So basically we’ll have to wait until “The Dark Knight Rises” comes out on DVD and turn on the closed captioning option so we know what the fuck Bane is saying.
But hey, considering the fact that Bale’s Batman voice is pretty over-the-top in itself, well…what the hell. As a side note, back when I was bartending, “The Dark Knight” was on HBO on one of the TV’s with the closed captioning turned on. During the interrogation scene as Batman walks out and Gordon asks him if he’s going after Dent or Rachel, Batman growls “Rachel”, and the caption came up *inaudible*.

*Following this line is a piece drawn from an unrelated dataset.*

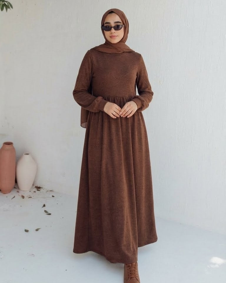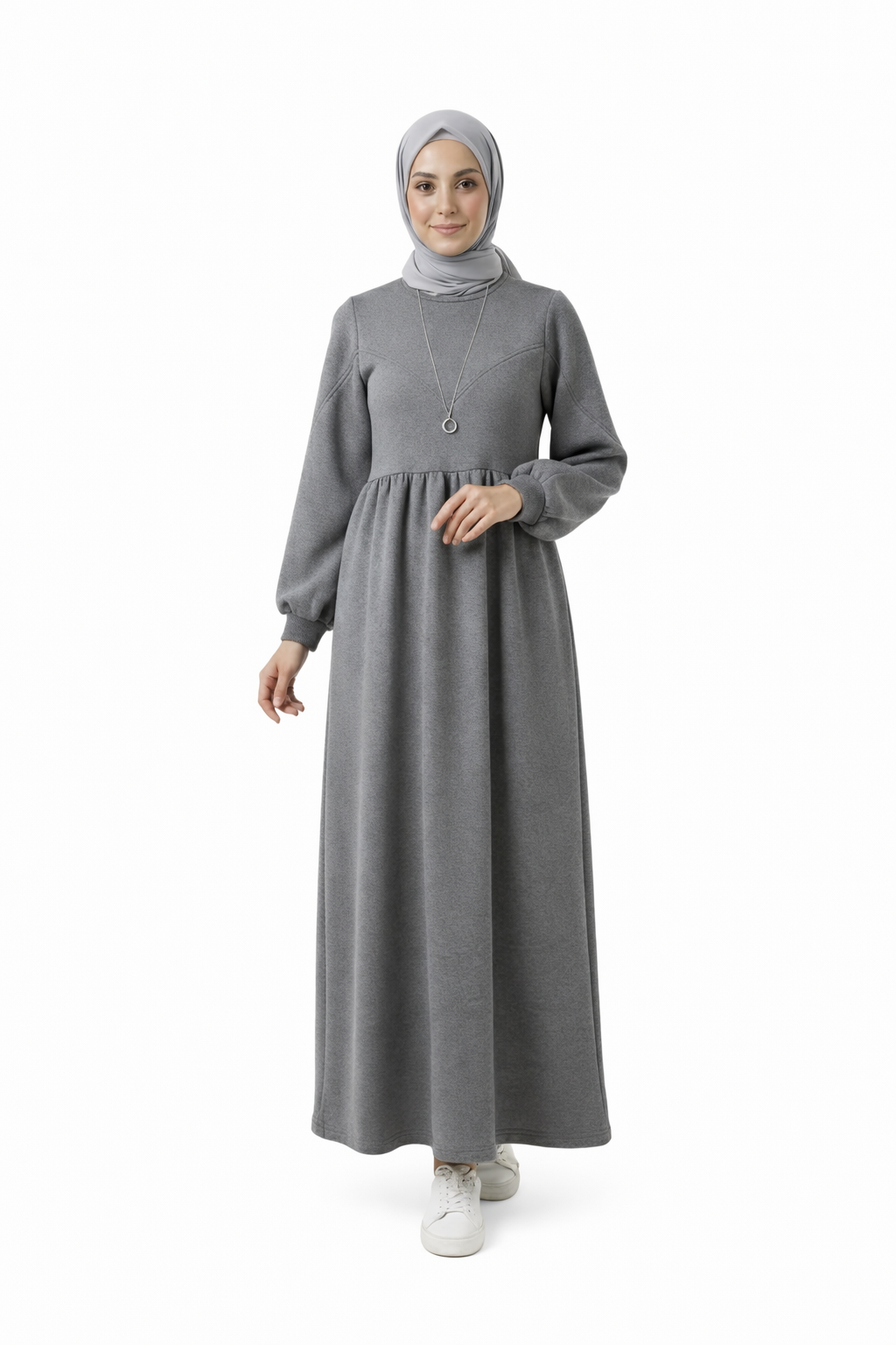 دريس شتوي بتصميم بسيط وعملي، مناسب للاستخدام اليومي والخروجات في الأجواء الباردة. القَصّة مريحة وواسعة من الأسفل، مع تحديد ناعم عند منطقة الصدر بيدي شكل أنيق ومتناسق من غير ضيق.

In other words, that was only a taste of things to come apparently.
Though I’m poking fun and pointing out early flaws, all that bullshit aside I can’t fucking wait for this movie. It looks to be every bit as epic (and possibly even more so) than “The Dark Knight” was, and appears to truly be an epic conclusion to Nolan’s Batman films. People are psyched for “The Avengers”, and rightfully so (I am too), but “The Dark Knight Rises” takes precedent over it for me personally, and I’m dying to see how it all winds up coming to an end…
…even if I can’t understand half the shit that the film’s main villain is saying.
Sunday, December 4, 2011
Paul Verhoeven films are seemingly becoming ripe for the picking to be remade these days. We’ve got a sure to be shit-tastic remake of “Total Recall” coming out next year from the crew behind the even more shit-tastic “Underworld” franchise, plus the much talked about remake of “Robocop” is gaining steam as well. Both films are regarded as genre classics and two of the best films of Verhoeven’s career, but they aren’t the only films of his that can’t escape the clutches of greedy, unoriginal Hollywood executives…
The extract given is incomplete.